SUNW forecasted P&L (my estimates)

SUNW EV/Sales

SUNW EV/Sales (Ycharts)

Investment Risks

The risks to my rating on SUNW include:

  • Thin liquidity of the shares (low average daily volume traded).
  • Loss-making operations.
  • Dilution from potential capital raises.
  • Discontinuation of federal or state tax incentives.
  • Increased competition in California, prevailing wages bill in California (AB 2143) for public works and commercial renewable energy projects could trigger labor cost inflation.
  • Increased tariffs or duties on China solar cells and modules imports.

Final Thoughts

Sunworks has improved its business model and growth opportunities over the past 18 months.
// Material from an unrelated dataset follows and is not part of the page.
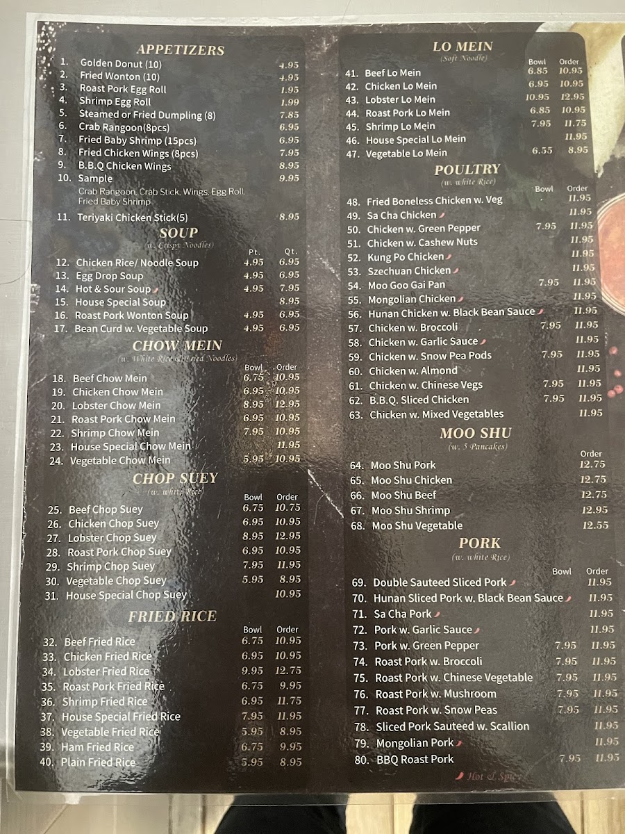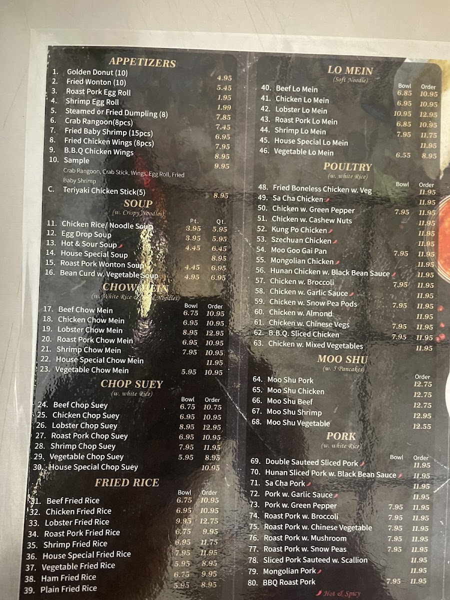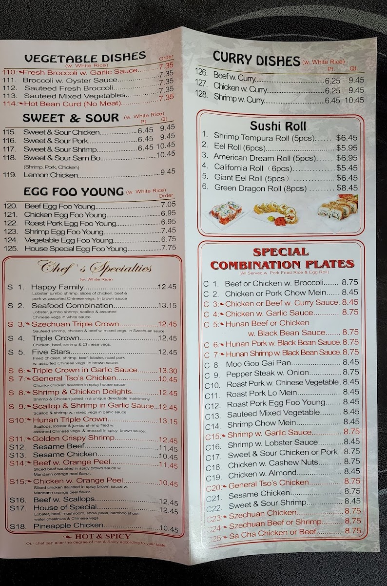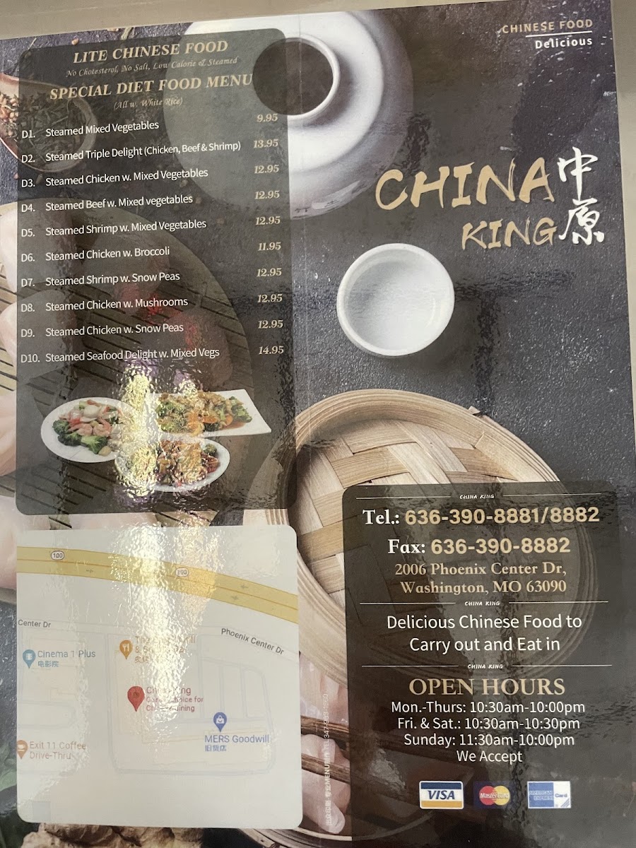 Overall, the China King menu offers a wide variety of Chinese dishes, from comforting soups and hearty entrees to flavorful rice and noodle dishes, all at reasonable prices, making it a great choice for anyone craving authentic Chinese cuisine.

This better positions it to benefit from the adoption trend of solar power system installations for homeowners and commercial businesses as an alternative to electricity. Rising electricity costs, grid power failures, more predictable monthly energy bills from solar systems, eco-friendliness, tax incentives, and a reasonable payback period are strong drivers of solar energy system installations. I forecast positive EBITDA to begin in the September quarter of next year. If this occurs, I believe the stock could re-rate to $5.00. The drivers of improved profitability are the higher gross margin of its backlog, achieving optimal residential volume scale, and the improved productivity of its recently hired direct sales team.